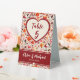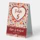Elevate your wedding reception décor with our Heartfelt Blooms Table Tent. Featuring a vibrant floral design in warm red, orange, and blush tones, this table tent combines elegance and functionality. The heart centerpiece frames the table number beautifully, making it easy for guests to find their seats.
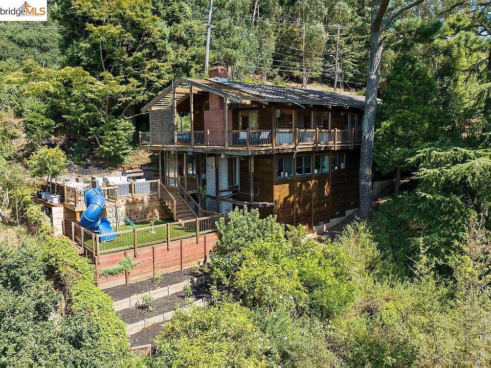 Designed for entertaining & to accentuate the sweeping Bay views, this stunning Mid-Century Modern home epitomizes California indoor-outdoor living. The open flow living & dining rooms have dramatic high vaulted ceilings & are surrounded by floor to ceiling windows & a wrap-around deck. The chef’s kitchen was remodeled with high-end appliances, cabinetry & opens to a spacious family room overlooking the verdant garden. Downstairs are 3 large bedrooms with views, 2 bathrooms, a laundry room & plenty of storage. The primary suite includes a fireplace, walk-in closet & beautifully updated ensuite bathroom. There’s also an office with built-in desk & a bonus room that can be used as a rumpus room, guest room, another office, or an oversized pantry. Outside, the yard provides more incredible spaces for enjoying the views with a huge deck for dining al fresco, built-in bench seating, a vegetable garden & a dreamy play structure that includes a spiral slide, climbing wall, swing & grassy play area. Across the street is Joaquin Miller Park with miles of hiking, biking & horseback trails. Around the corner are Roberts Regional Park and Chabot Space Center among many other East Bay treasures. All this within minutes of Montclair shops, schools & countless other amenities. 6441Castle.com
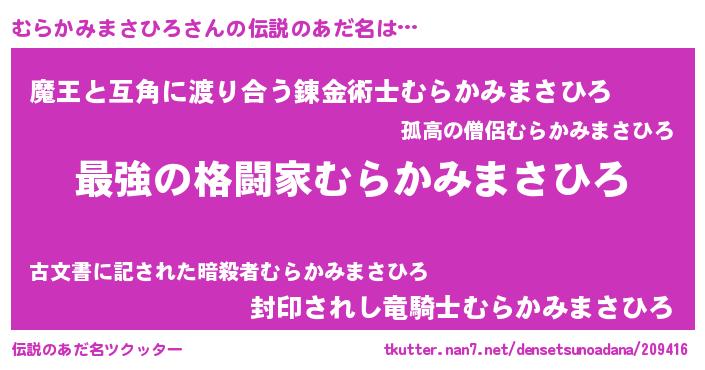 | ファンタジー風あだ名 | 『エターナルムラカミマサヒロー』 |
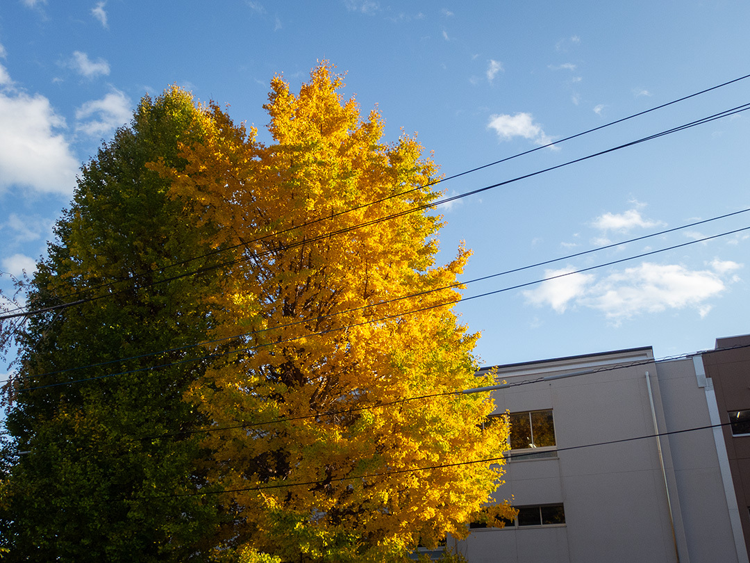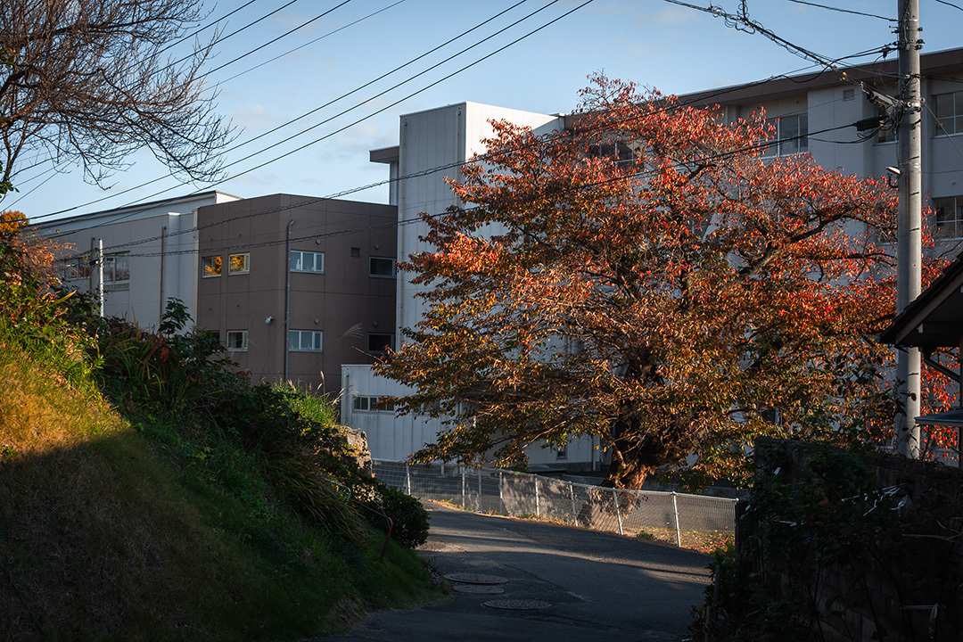 病院前から路地に入って国道から離れる。路地はだいたい昔のままの様子。ただ火災があった場所で昔のままとはいかないところもある。中学校裏手のイチョウは大分色づいている一方で桜はまだ落葉していない。#日立市 pic.x.com/ZaAPkQIC1t
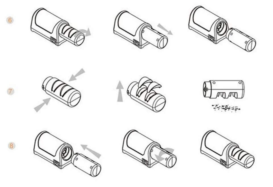 Три минуты и восемь ножей заточены, разрезают лист бумаги на весу. Четыре ножа керамические. На одном было два скола примерно по 1 мм. Провел один раз в прорезях для грубой заточки и один раз в прорезях для точной заточки и нож остренький. Точилка классная.
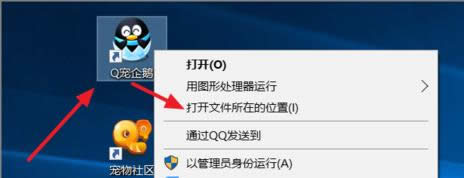 寵物載圖1 右鍵點(diǎn)擊打開Q寵企鵝和寵物社區(qū)所在位置,若是其他低版本的Windows系統(tǒng),則找到安裝QQ所在文件夾找到QQpet直接刪除。
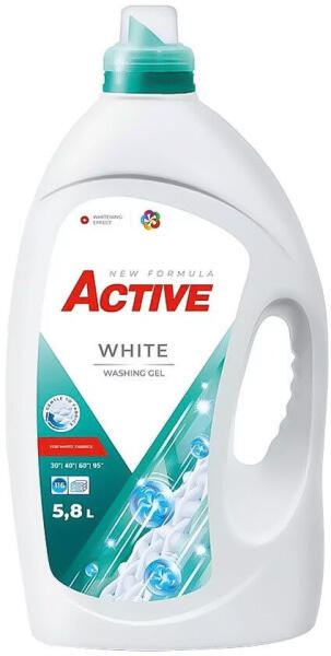 Az ACTIVE MOSÓGÉL WHITE tökéletes mosási eredményt és higiénikus tisztaságot biztosít ruhái számára. A legmakacsabb foltokat is eltávolítja anélkül, hogy kíméletlenül bánna ruháival. Garantálja a hatékony tisztítási teljesítményt, mélyen behatol a szálak közé a tökéletes folteltávolítás érdekében, miközben megőrzi ruháinak frissen mosott érzését. Mindez
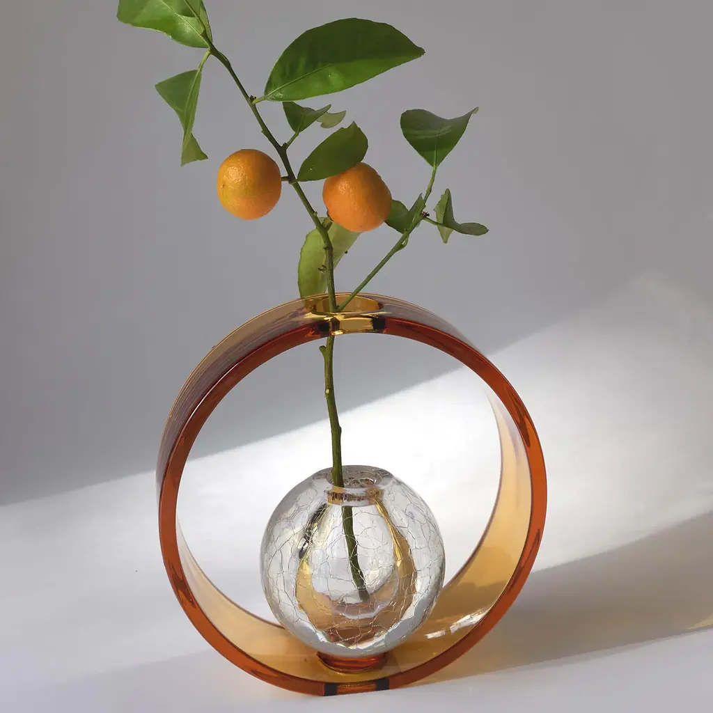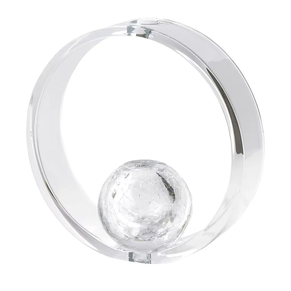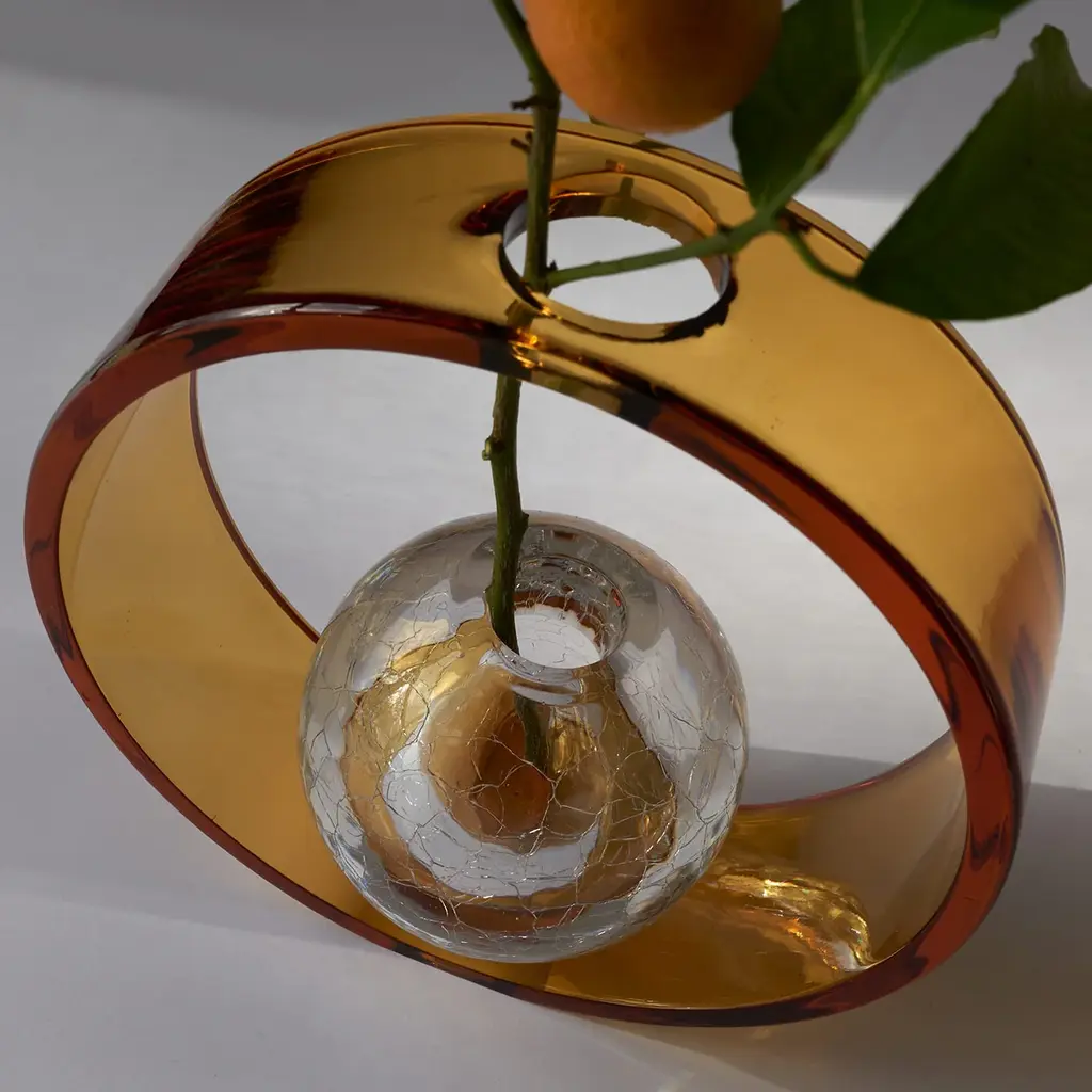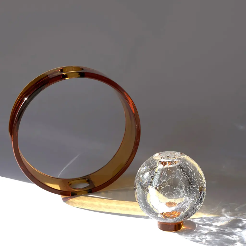 Saturnino is a combination of two pieces, the amber ring, and the craquelè transparent sphere, balanced by their own weight. A play of rounded symmetries, that reflect the light projecting a multitude of shadows and reflections through the stroboscopic effect of the craquelè sphere. The pureness of the crystal and the rich, deep amber hue, illuminate the interior which is placed in. A crystal piece artfully created with the traditional hand-blowing technique.

+---+

Output only these lines, word for word: the line containing "ファンタジー風あだ名 | 『エターナルムラカミマサヒロー』 |" and every line after it through the last line of the data. Omit the pictures.

Answer.
 | ファンタジー風あだ名 | 『エターナルムラカミマサヒロー』 |
 病院前から路地に入って国道から離れる。路地はだいたい昔のままの様子。ただ火災があった場所で昔のままとはいかないところもある。中学校裏手のイチョウは大分色づいている一方で桜はまだ落葉していない。#日立市 pic.x.com/ZaAPkQIC1t
 Три минуты и восемь ножей заточены, разрезают лист бумаги на весу. Четыре ножа керамические. На одном было два скола примерно по 1 мм. Провел один раз в прорезях для грубой заточки и один раз в прорезях для точной заточки и нож остренький. Точилка классная.
 寵物載圖1 右鍵點(diǎn)擊打開Q寵企鵝和寵物社區(qū)所在位置,若是其他低版本的Windows系統(tǒng),則找到安裝QQ所在文件夾找到QQpet直接刪除。
 Az ACTIVE MOSÓGÉL WHITE tökéletes mosási eredményt és higiénikus tisztaságot biztosít ruhái számára. A legmakacsabb foltokat is eltávolítja anélkül, hogy kíméletlenül bánna ruháival. Garantálja a hatékony tisztítási teljesítményt, mélyen behatol a szálak közé a tökéletes folteltávolítás érdekében, miközben megőrzi ruháinak frissen mosott érzését. Mindez
 Saturnino is a combination of two pieces, the amber ring, and the craquelè transparent sphere, balanced by their own weight. A play of rounded symmetries, that reflect the light projecting a multitude of shadows and reflections through the stroboscopic effect of the craquelè sphere. The pureness of the crystal and the rich, deep amber hue, illuminate the interior which is placed in. A crystal piece artfully created with the traditional hand-blowing technique.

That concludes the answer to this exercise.